Amending an association’s governing documents is never an easy task.  The Colorado legislature recognized this in 1992 when it capped the maximum approval requirement to 67% of the entire community.  Even with this reduction in the approval requirement, amending a declaration was problematic due to owner apathy, lack of building a consensus of the owners, and at times varying opinions of the owners in the community as to what should be in an amendment.

One of the tools associations have used to overcome some of these challenges is the Court Petition Process permitted by section 217(7) of Colorado Common Interest Ownership Act (“CCIOA”).  This section of CCIOA permits an association to petition the District Court to approve an amendment to its declaration if the association has sent at least two written notices to all owners in the community, discussed the amendment at a membership meeting at least once, and has received at least one-half of all of the consents it would otherwise need in order to approve the amendment.  While historically this approval process has been a routine process successfully utilized by associations, recent events indicate the use of the court petition process is no longer a slam dunk method to obtain approval for a declaration amendment.  This article will discuss the biggest challenges this firm has seen in the last year.

Opposition disguised as apathy

One of the intentions of the Court Petition process is to overcome true owner apathy.  However, a board of directors must be attuned to what is really going on in the community and be aware if lack of response is truly apathy or rather true opposition to the amendment.  When an association petitions the District Court, it is representing it has not received objections to the petition by more than 33% of the owners in the community.  Furthermore, the petition to the court will be “defeated” if more than 33% of the owners in a community object to the petition prior to the hearing.  Just because an association does not receive objections from 33% of the owners during the balloting process, this does not guarantee owners will not muster sufficient objections to the petition and prevent the petition from being granted.

Prior to making a decision to use the CCIOA section 217(7) petition process, the board must first determine if the amendment failed to obtain the requisite approval because of the content of the amendment or true owner apathy.  In other words, did the owners just not return a sufficient number of ballots because they didn’t care or didn’t want to be bothered?  During the discussion about the amendment with the community, was there overall support for the amendment or was it met with opposition by most owners?  Was there a large number of owners who objected to the amendment, but not insufficient numbers to reach the 33%?  Boards must be able to answer these questions prior to filing a court petition for approval of an amendment as this process was not created to overcome opposition, but rather address apathy in a community.  When the petition hearing is held, it should not be a surprise as to the outcome; the Association should have a very good feel as to what will happen and whether or not there will be opposition to the petition.

Following the Statute is critical

Because the Court Petition process is technical in nature and provides no discretion for the court, a judge must determine an association followed every single mandate in the statute in order to grant the petition request.  But if a judge determines all requirements of the statute were not followed, the judge is prohibited from granting the petition by statute.  Thus, following the statutory requirements is crucial for a successful petition hearing.
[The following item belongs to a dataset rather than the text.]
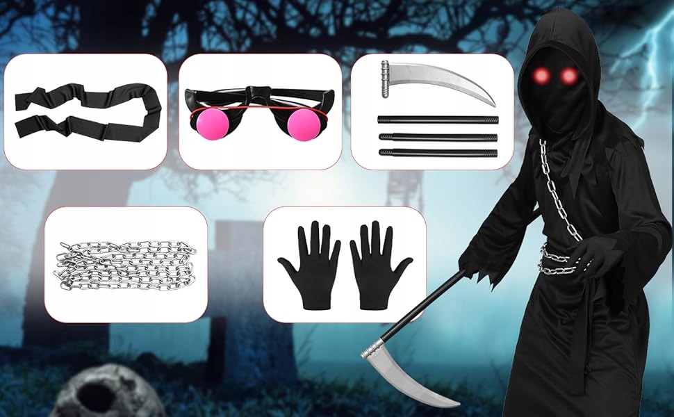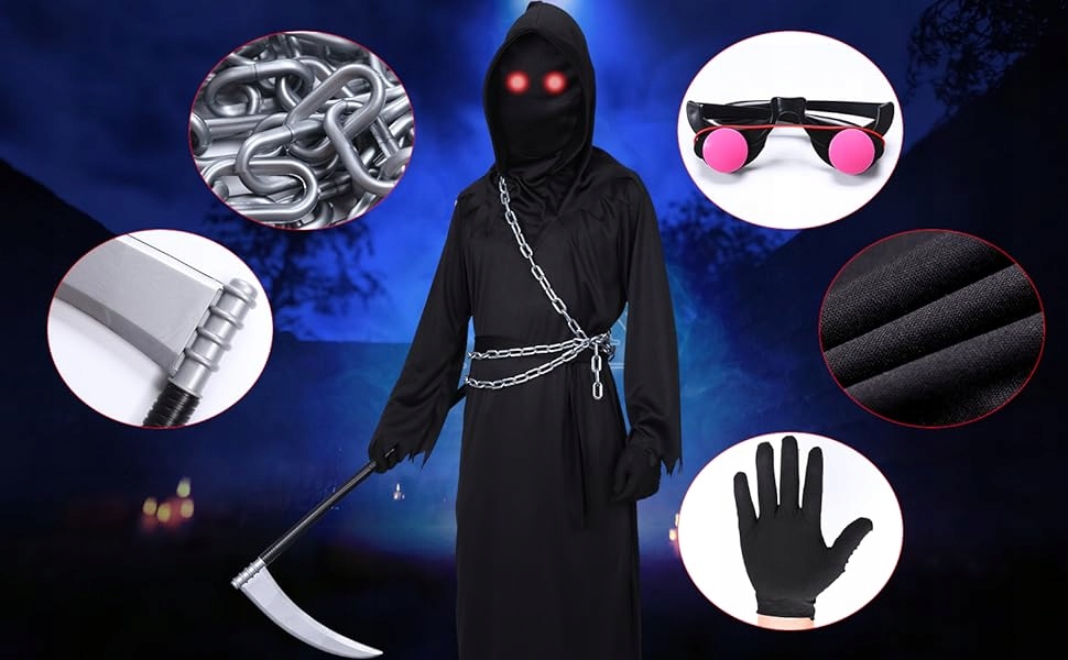 🎃 впечатляющий полный комплект для смерти Хэллоуина с косай, мрачный жнец - верно отражает темный характер персонажа.

Section 217(7) of CCIOA provides that in order to petition the court, the association must complete the following:

(I)The association has twice sent notice of the proposed amendment to all unit owners that are entitled by the declaration to vote on the proposed amendment or are required for approval of the proposed amendment by any means allowed pursuant to the provisions regarding notice to members in sections 7-121-402 and 7-127-104, C.R.S., of the “Colorado Revised Nonprofit Corporation Act,” Articles 121 to 137 of title 7, C.R.S.;

(II)The association has discussed the proposed amendment during at least one meeting of the Association; and

(III) Unit owners of units to which are allocated more than fifty percent of the number of consents, approvals, or votes of the association that would be required to adopt the proposed amendment pursuant to the declaration have voted in favor of the proposed amendment.
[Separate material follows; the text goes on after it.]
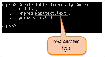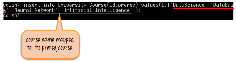 insert into University.Course(id,prereq) values(1,{'DataScience':'Database', 'Neural Network':'Artificial Intelligence'});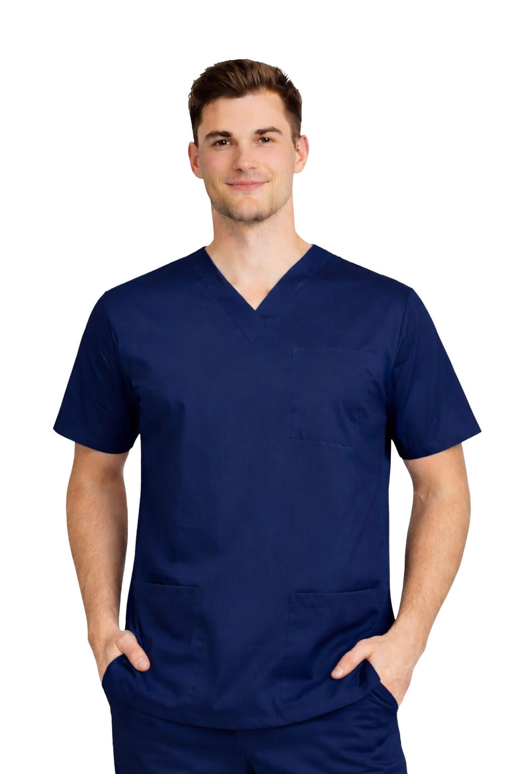 Tamno plava SLIM medicinska majica za muškarce je moderna i udobna medicinska odjeća dizajnirana za liječnike, medicinske sestre, stomatologe, fizioterapeute, veterinare i studente medicinskih smjerova. Zahvaljujući SLIM kroju, majica savršeno pristaje uz tijelo, a elastičan materijal s dodatkom elastana osigurava slobodu pokreta i udobnost tijekom rada.

To comply with the above, the actual amendment must first be provided to owners before being discussed at the membership meeting.  Although the amendment may be revised after the meeting, the proposed draft amendment must be discussed during the meeting.  Discussing the concept of the amendment or what will go into it without having an actual proposed amendment distributed to the membership will not suffice.
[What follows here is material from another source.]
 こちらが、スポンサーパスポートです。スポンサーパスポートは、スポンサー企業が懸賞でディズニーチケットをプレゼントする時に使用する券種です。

Furthermore, CCIOA requires a statement in the petition describing what makes the amendment necessary and advisable.  This statement should not be a generic blanket statement, but rather contain information explaining why the board proceeded with the process in the first place.  A good statement goes a long way for the judge reviewing the petition.

In conclusion, the Court Petition process is a valuable tool to assist associations with amendment of their declarations.  However, associations must strictly comply with every provision of the statute to be successful.  The petition should only be used to overcome owner apathy, not to pass an amendment opposed by the membership.